**Required action**
Could you give back exactly the lines below from the one with "商品コード:1341-054b[CALLIOPE] J.P.ドーテル指揮/ ラモー:六重奏用に編曲された6つのコンセール" through the one with "Celle-ci est ourlée", without a single picture?

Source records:
* * *
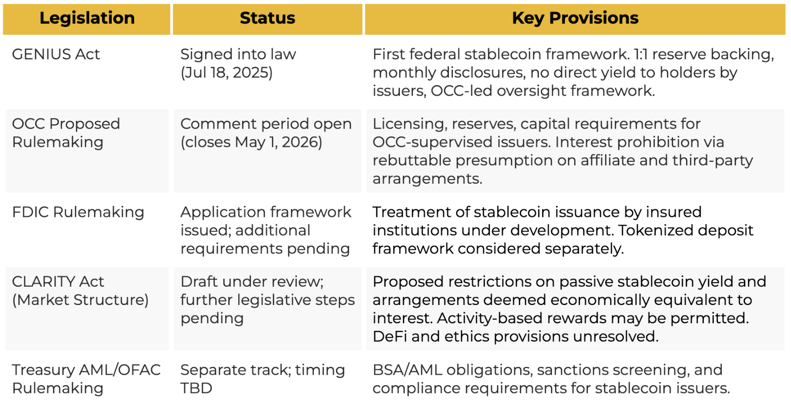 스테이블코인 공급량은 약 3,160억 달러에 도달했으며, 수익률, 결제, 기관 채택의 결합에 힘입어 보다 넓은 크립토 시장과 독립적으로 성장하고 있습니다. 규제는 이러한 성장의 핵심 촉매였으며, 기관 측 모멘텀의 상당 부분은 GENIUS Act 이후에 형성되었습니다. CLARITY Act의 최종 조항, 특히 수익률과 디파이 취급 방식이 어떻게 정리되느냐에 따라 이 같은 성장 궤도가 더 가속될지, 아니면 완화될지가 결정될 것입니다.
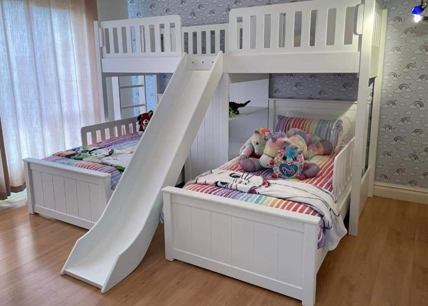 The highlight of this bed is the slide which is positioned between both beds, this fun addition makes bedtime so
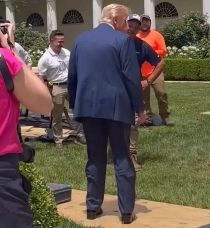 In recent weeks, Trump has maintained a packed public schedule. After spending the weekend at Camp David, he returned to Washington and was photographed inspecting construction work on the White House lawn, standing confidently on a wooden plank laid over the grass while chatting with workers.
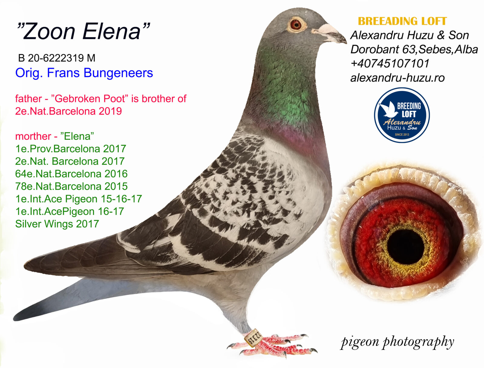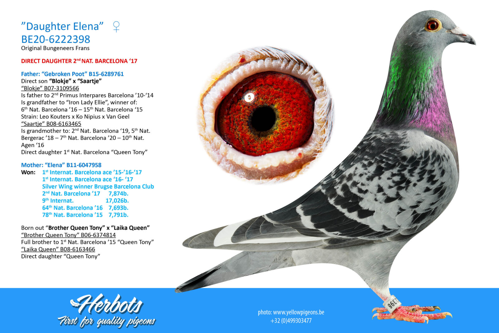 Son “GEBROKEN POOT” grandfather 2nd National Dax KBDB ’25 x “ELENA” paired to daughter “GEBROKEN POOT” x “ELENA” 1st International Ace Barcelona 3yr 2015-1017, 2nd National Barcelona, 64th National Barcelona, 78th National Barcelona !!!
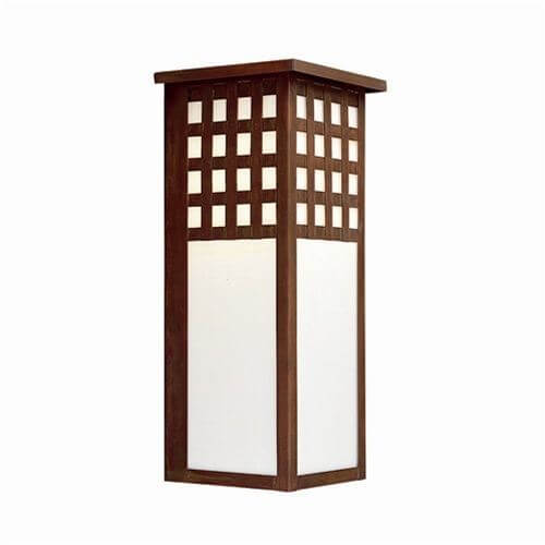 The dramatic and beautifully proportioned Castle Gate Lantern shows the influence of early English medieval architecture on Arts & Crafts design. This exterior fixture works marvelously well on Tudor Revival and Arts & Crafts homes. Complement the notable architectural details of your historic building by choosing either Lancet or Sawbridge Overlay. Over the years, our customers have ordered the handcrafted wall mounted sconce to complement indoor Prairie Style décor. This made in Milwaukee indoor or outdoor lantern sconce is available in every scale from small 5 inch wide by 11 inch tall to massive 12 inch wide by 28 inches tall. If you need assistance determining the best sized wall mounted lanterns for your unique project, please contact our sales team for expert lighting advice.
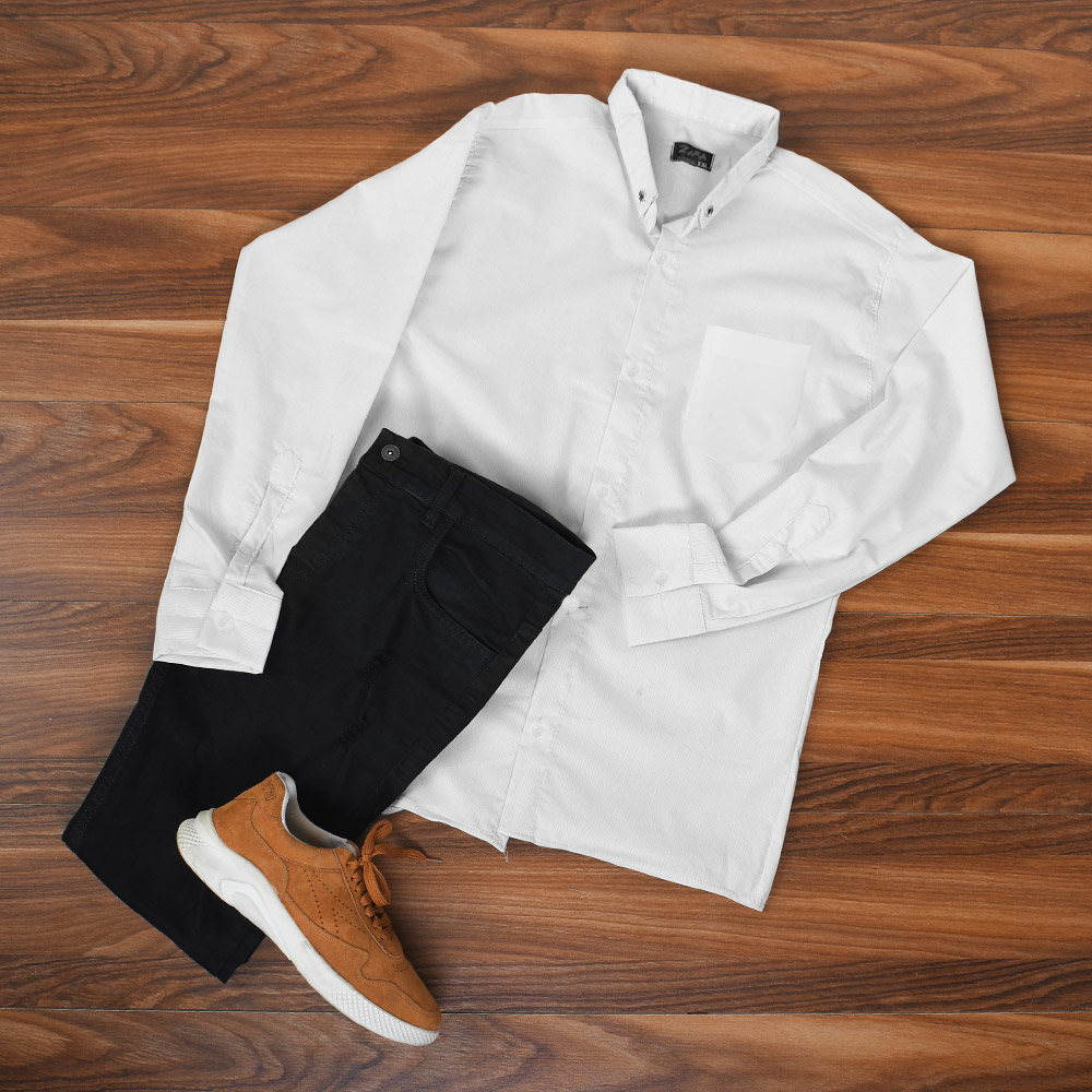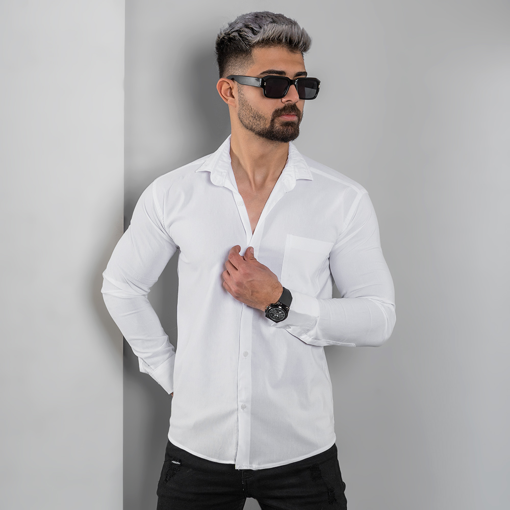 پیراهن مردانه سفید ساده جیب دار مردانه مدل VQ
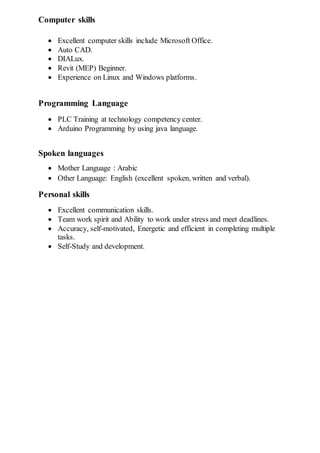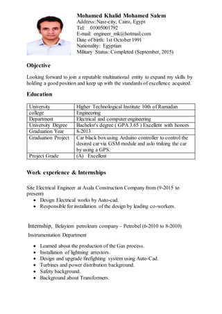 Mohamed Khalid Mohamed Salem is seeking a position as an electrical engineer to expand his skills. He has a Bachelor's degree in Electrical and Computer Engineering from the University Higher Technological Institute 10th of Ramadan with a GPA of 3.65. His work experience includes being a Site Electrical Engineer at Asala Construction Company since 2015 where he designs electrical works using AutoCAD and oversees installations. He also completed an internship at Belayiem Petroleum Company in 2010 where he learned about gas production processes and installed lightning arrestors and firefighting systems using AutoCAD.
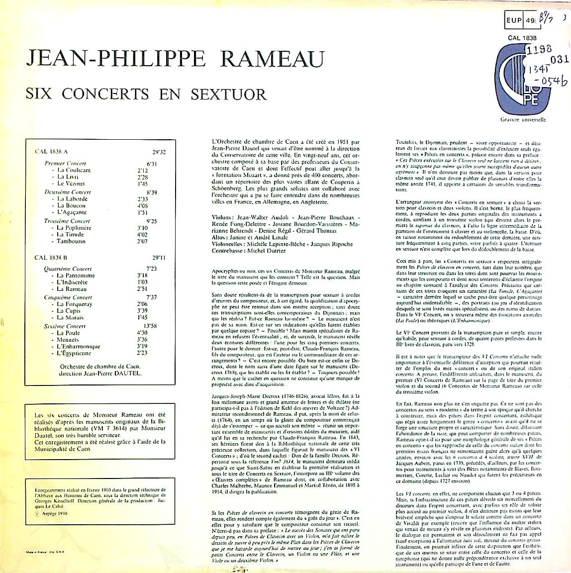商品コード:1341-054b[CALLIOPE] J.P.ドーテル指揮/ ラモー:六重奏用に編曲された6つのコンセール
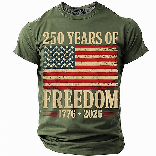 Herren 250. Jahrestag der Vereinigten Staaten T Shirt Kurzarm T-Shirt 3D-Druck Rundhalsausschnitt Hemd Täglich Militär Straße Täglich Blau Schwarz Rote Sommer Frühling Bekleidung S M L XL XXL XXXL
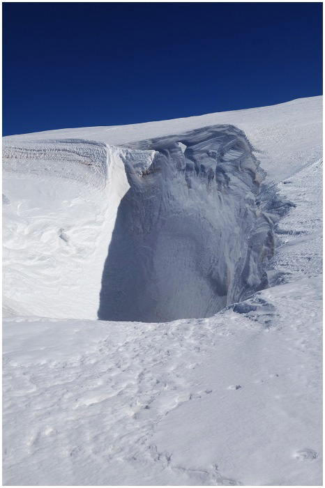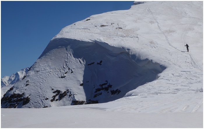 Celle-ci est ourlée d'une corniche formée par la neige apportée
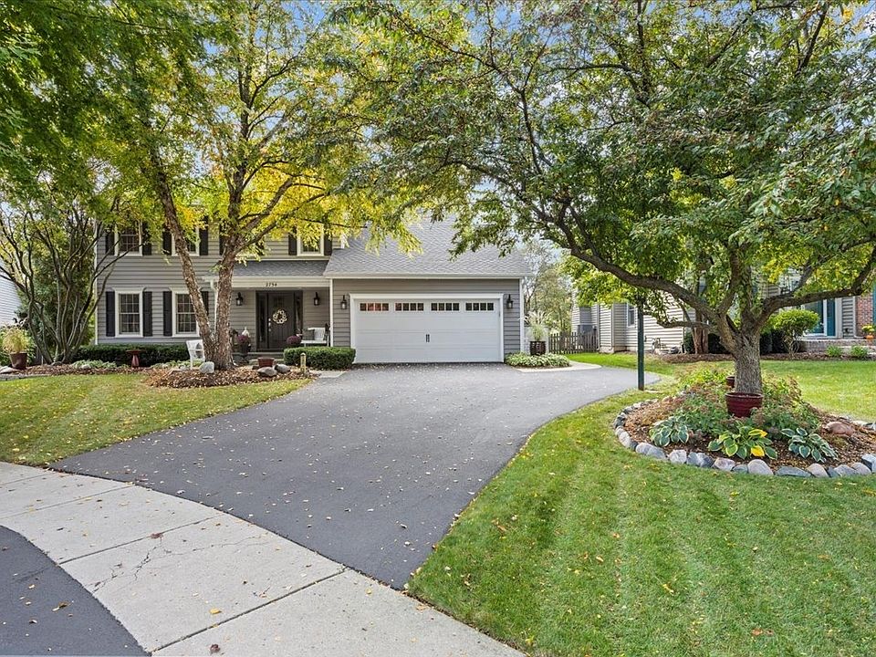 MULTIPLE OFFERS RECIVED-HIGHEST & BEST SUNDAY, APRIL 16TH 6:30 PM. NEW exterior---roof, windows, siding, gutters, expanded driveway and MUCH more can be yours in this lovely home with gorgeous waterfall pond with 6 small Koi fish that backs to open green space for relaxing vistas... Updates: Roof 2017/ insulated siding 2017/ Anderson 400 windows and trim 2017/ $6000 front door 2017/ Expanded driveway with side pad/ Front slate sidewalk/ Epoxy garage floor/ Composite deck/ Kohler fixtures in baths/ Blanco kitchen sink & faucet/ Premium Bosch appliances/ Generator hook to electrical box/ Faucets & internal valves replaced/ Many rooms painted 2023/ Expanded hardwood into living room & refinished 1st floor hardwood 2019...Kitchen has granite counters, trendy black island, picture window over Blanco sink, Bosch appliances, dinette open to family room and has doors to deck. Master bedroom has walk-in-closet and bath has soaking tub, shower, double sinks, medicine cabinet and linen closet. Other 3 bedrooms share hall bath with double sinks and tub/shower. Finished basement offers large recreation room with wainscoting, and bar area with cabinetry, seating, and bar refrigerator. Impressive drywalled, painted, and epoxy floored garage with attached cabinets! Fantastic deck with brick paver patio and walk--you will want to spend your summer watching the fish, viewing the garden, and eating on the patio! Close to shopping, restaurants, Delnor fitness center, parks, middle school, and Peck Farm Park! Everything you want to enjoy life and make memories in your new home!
* * *
**Solution below**
商品コード:1341-054b[CALLIOPE] J.P.ドーテル指揮/ ラモー:六重奏用に編曲された6つのコンセール
 Herren 250. Jahrestag der Vereinigten Staaten T Shirt Kurzarm T-Shirt 3D-Druck Rundhalsausschnitt Hemd Täglich Militär Straße Täglich Blau Schwarz Rote Sommer Frühling Bekleidung S M L XL XXL XXXL
 Celle-ci est ourlée d'une corniche formée par la neige apportée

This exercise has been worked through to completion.